Quote the entries word for word. Omit the pictures.

*** Opening of DATA ***

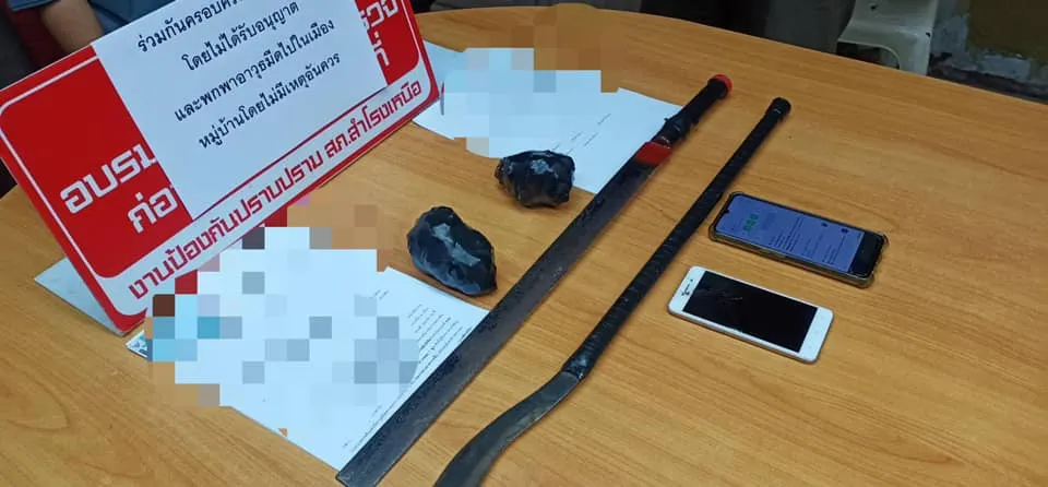 2.อาวุธมีดยาวประมาณ 70 ซม.รวมด้าม จำนวน 1 เล่ม
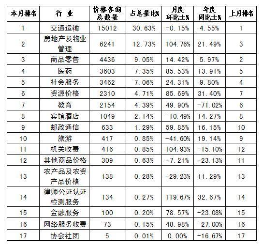 价格咨询数量排名前五位的行业分别是:交通运输(15012件)、房地产及物业管理(6241件)、商品零售(4436件)、医药(3603件)、社会服务(3462件)。占比分别为:30.63%、12.73%、9.05%、7.35%、7.06%(详见附表4)。
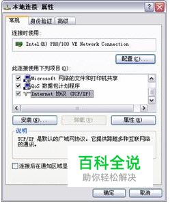 右击直接连接到局域网的连接,在快捷菜单中选择“属性”,显示如图所示“本地连 接属性”对话框。
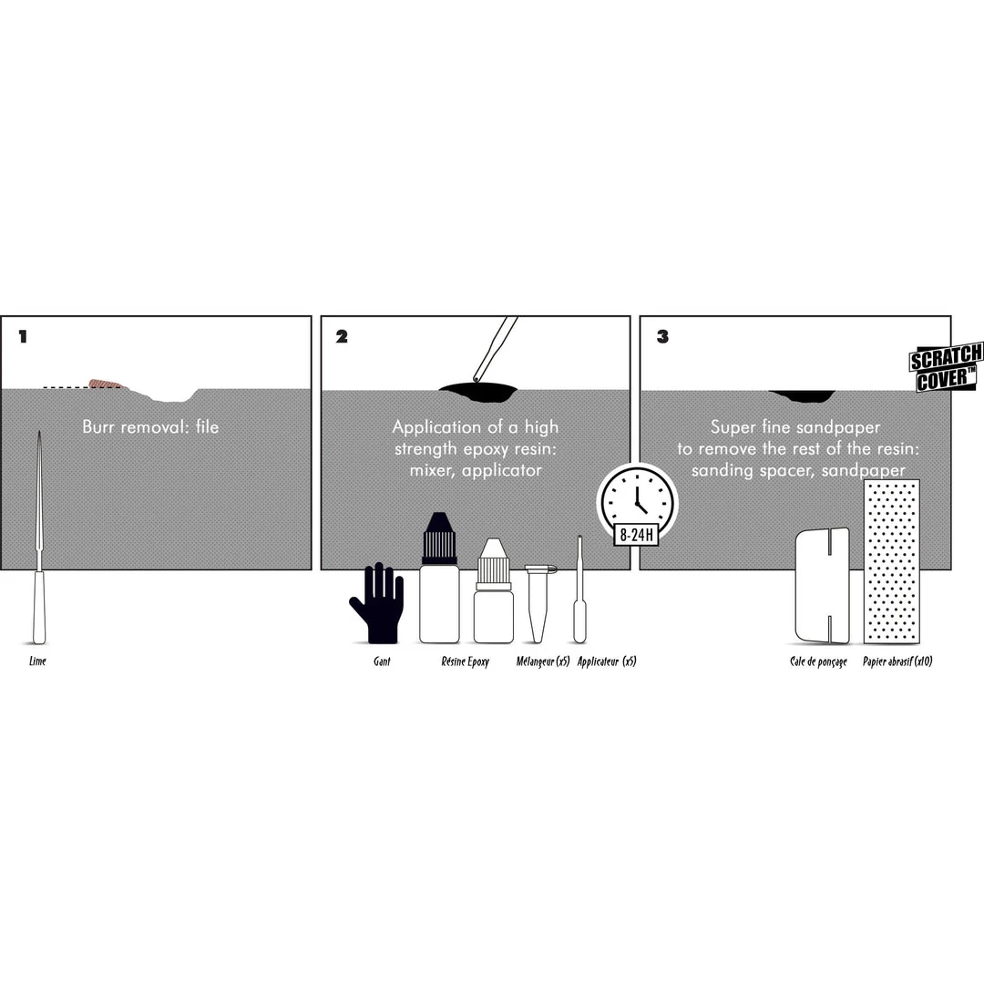 Note: The repaired area will have a slightly matte finish after the sanding process. If you find this unsightly and/or your eye starts twitching when you look at it Sendhit recommends the use of a high-quality metal polish such as Autosol Metal Polish which can restore it to a glossy finish.
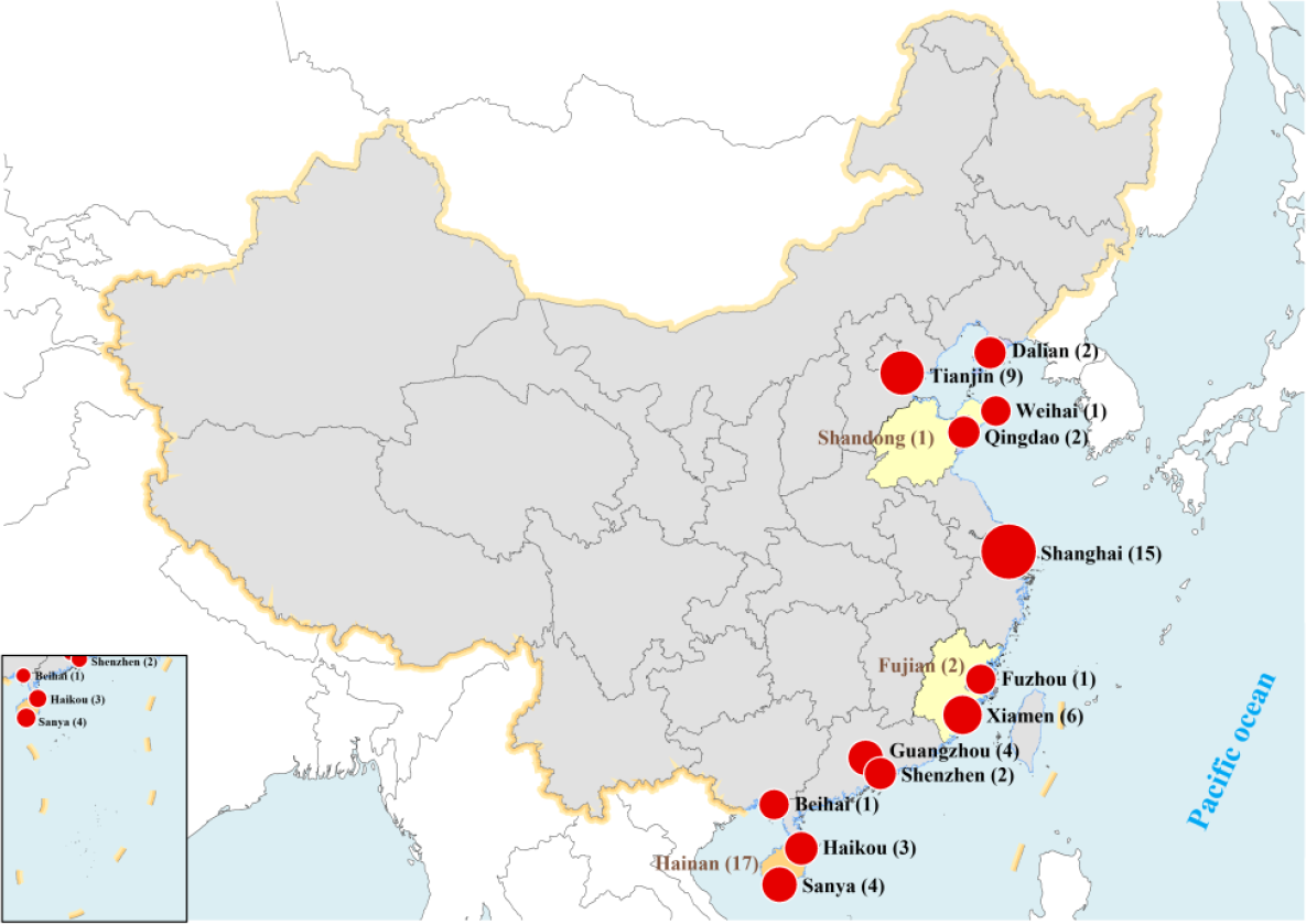 Third, local policies are mostly issued by cities and regions where cruise ports are located (Figure 6), such as Shanghai, Tianjin and Hainan. There is no doubt that these local policies are beneficial to the development of cruise ports and tourism in these cities. Is it the case that there are more cruise lines where more policies are made? Which is more obvious, local policies or national ones? A correlation analysis will be conducted later to address these issues.
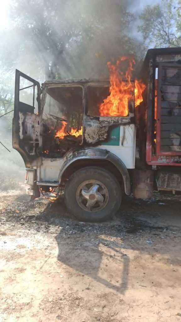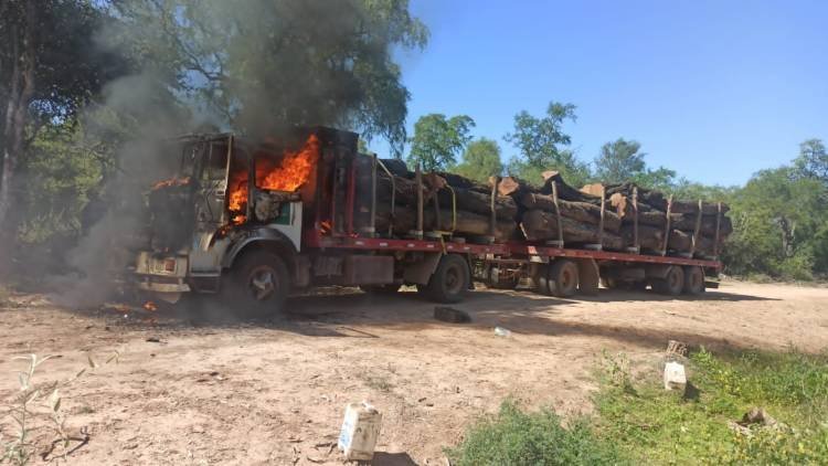 SAUZALITO: SECUESTRARON Y MANIATARON AL CHOFER E INCENDIARON UN CAMIÓN CON ROLLIZOS
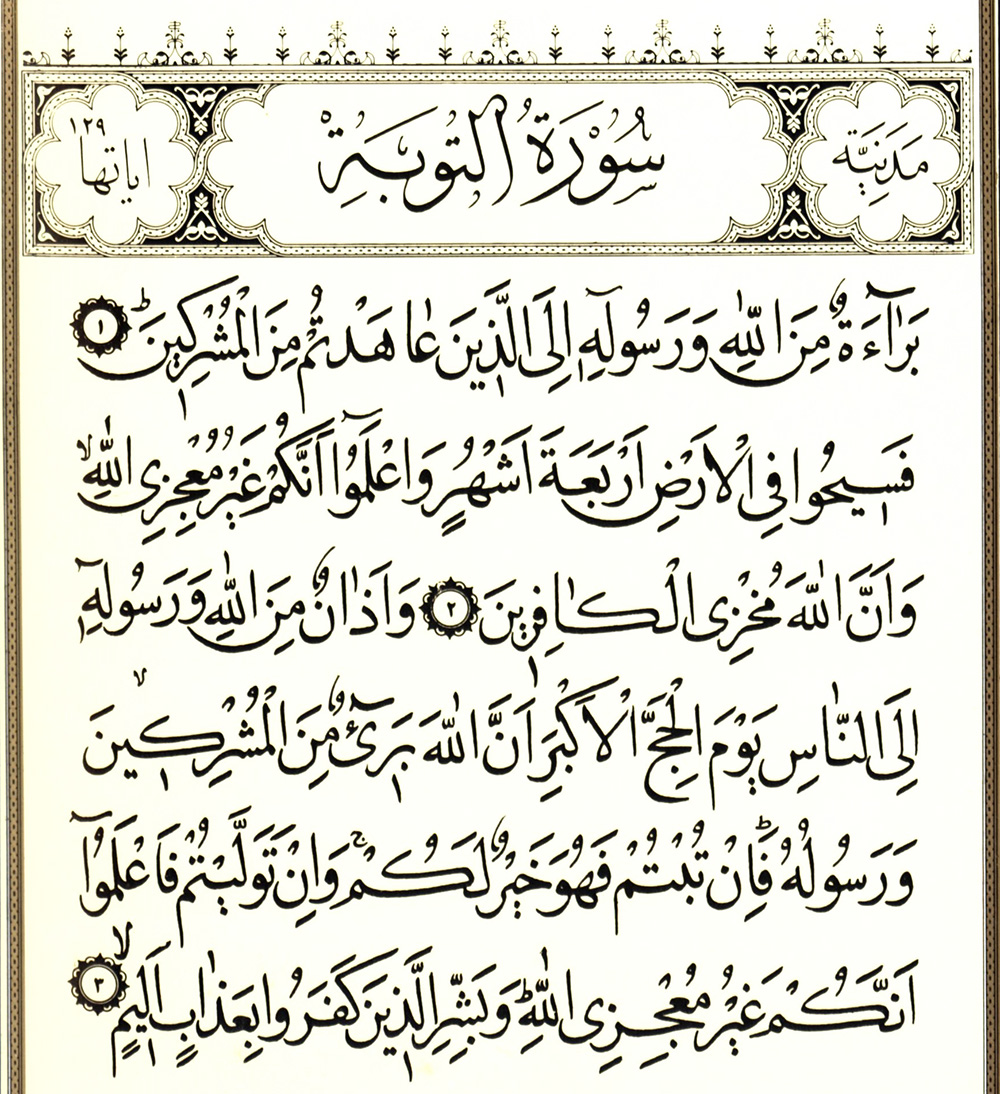 - وإذا رأى الشخص في المنام أنه يقوم بكتابة سورة التوبة فهذا دليل على زواج هذا الشخص وإتمام عقد قرانه في وقت قريب وتحذير له بالإبتعاد عن ارتكاب الذنوب والمعاصي والعيش في حياة هادئة ومستقرة.
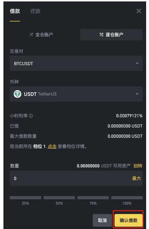6、在借款窗口中选择对应币种及借款数量,完成借款确认。
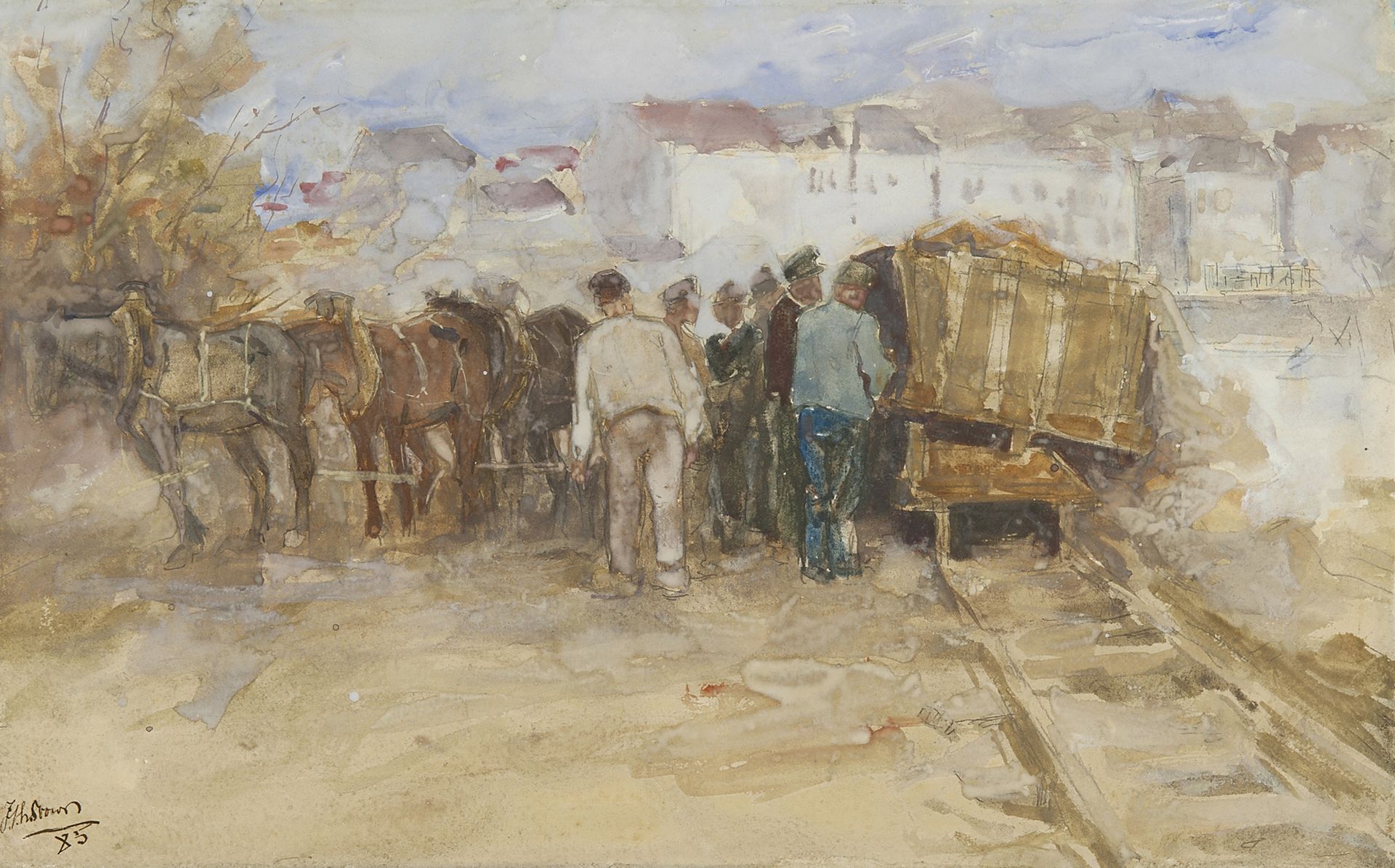 Jan Toorop Kunstwerk • Aquarell • Zeichnung • zuvor zu verkaufen In the harbour of Antwerpen

*** Close of DATA ***

— EXPECTED ANSWER —
 2.อาวุธมีดยาวประมาณ 70 ซม.รวมด้าม จำนวน 1 เล่ม
 价格咨询数量排名前五位的行业分别是:交通运输(15012件)、房地产及物业管理(6241件)、商品零售(4436件)、医药(3603件)、社会服务(3462件)。占比分别为:30.63%、12.73%、9.05%、7.35%、7.06%(详见附表4)。
 右击直接连接到局域网的连接,在快捷菜单中选择“属性”,显示如图所示“本地连 接属性”对话框。
 Note: The repaired area will have a slightly matte finish after the sanding process. If you find this unsightly and/or your eye starts twitching when you look at it Sendhit recommends the use of a high-quality metal polish such as Autosol Metal Polish which can restore it to a glossy finish.
 Third, local policies are mostly issued by cities and regions where cruise ports are located (Figure 6), such as Shanghai, Tianjin and Hainan. There is no doubt that these local policies are beneficial to the development of cruise ports and tourism in these cities. Is it the case that there are more cruise lines where more policies are made? Which is more obvious, local policies or national ones? A correlation analysis will be conducted later to address these issues.
 SAUZALITO: SECUESTRARON Y MANIATARON AL CHOFER E INCENDIARON UN CAMIÓN CON ROLLIZOS
 - وإذا رأى الشخص في المنام أنه يقوم بكتابة سورة التوبة فهذا دليل على زواج هذا الشخص وإتمام عقد قرانه في وقت قريب وتحذير له بالإبتعاد عن ارتكاب الذنوب والمعاصي والعيش في حياة هادئة ومستقرة.
6、在借款窗口中选择对应币种及借款数量,完成借款确认。
 Jan Toorop Kunstwerk • Aquarell • Zeichnung • zuvor zu verkaufen In the harbour of Antwerpen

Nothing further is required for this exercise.